Teraz światło dzienne ujrzały wytyczne, jakie w decydującym momencie kampanii prezydenckiej miał kierować do swoich współpracowników premier Mateusz Morawiecki. W publikowanych mailach czytamy również, jak PR -owiec Piotr Agatowski informował rządzących o wstępnych wynikach sondaży. Z przeprowadzonych przez niego badań wynikało, że Andrzej Duda przegra w drugiej turze wyborów z Rafałem Trzaskowskim.
O sondażach, które przygotowuje Piotr Agatowski, znajomy Andrzeja Dudy i bywalec Nowogrodzkiej pisał nasz dziennikarz Jacek Gądek. Doradca prezydenta to jego krakowski znajomy, który uchodzi w obozie rządzącym za pomysłodawcę sukcesów i szarą eminencję partii rządzącej.

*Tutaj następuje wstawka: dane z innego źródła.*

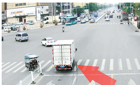
9月15日15:03人民路与燕山路交叉口,豫L0D725闯红灯,罚款200元、扣6分。

W opublikowanej rzekomej korespondencji Piotr Agatowski pisał do byłej premier Beaty Szydło oraz sekretarza generalnego PiS Krzysztofa Sobolewskiego. PR-owiec przekazał, że na dziewięć dni przed pierwszą turą wyborów faworytem był Andrzej Duda z wynikiem 41 proc. Rafał Trzaskowski uzyskał ok. 29 proc. poparcia. Agatowski stwierdził, że w drugiej turze wygrałby przedstawiciel opozycji z wynikiem 51 proc. głosów.
PR-owiec komentował również kampanię prezydencką, oceniając ją jako: "ściśle wizerunkową". Pisał, że Rafał Trzaskowski uważany jest "za młodszego i lepiej wyglądającego niż Andrzej Duda".
Agatowski zauważył, że Duda nie osiąga zadowalającego poparcia wśród młodych osób z dużych miast. "Jak do nich dotrzeć? Merytorycznie - klimat, czyste powietrze, ekologia. Wizerunkowo - ściema. Proponuję, aby zmienić akcję 'Rafał, nie kłam, na Rafał, nie ściemniaj"' - sugerował Agatowski.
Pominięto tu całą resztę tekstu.